И обернулся Кратуман. И осветил пламенем факела мраморный алтарь и девушку, лежащую в нём.


В эпоху бронзы дети взрослели рано, и за свою короткую жизнь Утах успел повидать немало – дома и на охоте, в походах и битвах… Случалось быть свидетелем того, как выживают пронзённые стрелами и копьями воины, и как умирают могучие мужи от простого ушиба. Видел как женщины, защищая родные дома, обращают в бегство бывалых вояк, и как горстка храбрецов захватывает города… Чего только не случается под небом!
Но теперь юноша стоял лицом к лицу с чудом! С первым настоящим чудом, которое видел в жизни! Это настораживало и пугало!
…А потом Ащух кашлянул и предположил, совсем не в тему:
– Как вы думаете… если мы снимем её украшения… э-э… нам ничего не будет?
Омах заявил:
– Знаете, я человек бывалый… Я вам так скажу – если ты встречаешь что-то необычное, что-то из разряда вон выходящее, да ещё и связанное с колдовством – лучше руками не трогать, а бежать подальше и побыстрее!

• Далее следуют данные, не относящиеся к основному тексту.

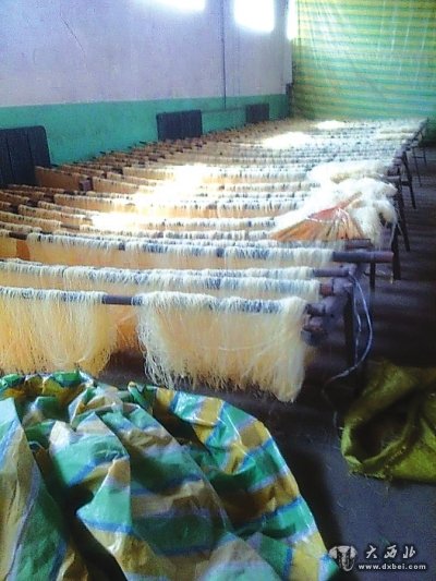 大西北网3月26日讯 在铁架的支撑下,竹板成斜角立着,竹板上面晒满了加工好的米线,看上去白茫茫的一片,一群麻雀叽叽喳喳的叫嚷着,不时地落在米线上享“美食”;原料库里堆放着几百袋大米,米袋上和散落在地上的大米中,老鼠屎随处可见;成品库内肮脏的架子上满满的也是米线,有些扎成把子的米线直接置于地上……昨日,兰州市城关区食品药品稽查局联合东岗食品药品监督管理所,依法将该未经许可的米线非法加工点依法查处。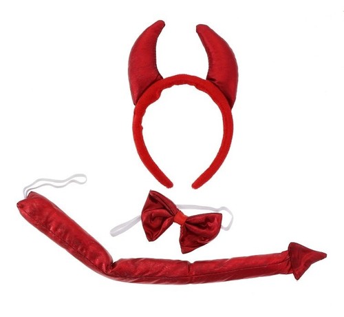Zestaw Diabeł Satynowy Zestaw satynowy w kolorze czerwonym zawiera: opaskę z rogami, muszkę oraz ogon. Wykonany z miękkiego materiału. Elastyczność opaski pozwoli na dopasowanie się do każdej głowy.

– Вот это верно! – согласился Ариджит.
Но никто не побежал. Просто все по-прежнему стояли и смотрели.
Кратуман произнёс:
– Да, конечно… Но, вот, я иногда думаю… Мы столько всяких возможностей упускаем в жизни… Если мы просто уйдём… Не будем ли мы потом сожалеть до конца своих дней, что струсили?
– Струсили, что не решились потревожить покой мертвеца! – хмыкнул Уграх. – Сколько раз мы это делали!
– Как там ты рассказывал?.. – вспомнил Ащух. – Она не живая. Но и не мёртвая. Значит, её покой мы не потревожим.
– Всё не так просто! – возразил Омах. – Я и сам не боюсь обычных могил и обычных мертвецов. Но я остерегаюсь соваться туда, где пахнет магией. Особенно такой сильной! От обычного колдовства у меня есть амулеты и заклинания. А от такого, что сильнее самой смерти… Нет уж, лучше нам убраться отсюда побыстрее! Хватит с нас того, что мы заявились сюда непрошенными гостями! – И вдруг добавил, спохватившись: – Я ведь и не о себе вовсе забочусь, а о княжеском сыне! Я за него отвечаю, как-никак!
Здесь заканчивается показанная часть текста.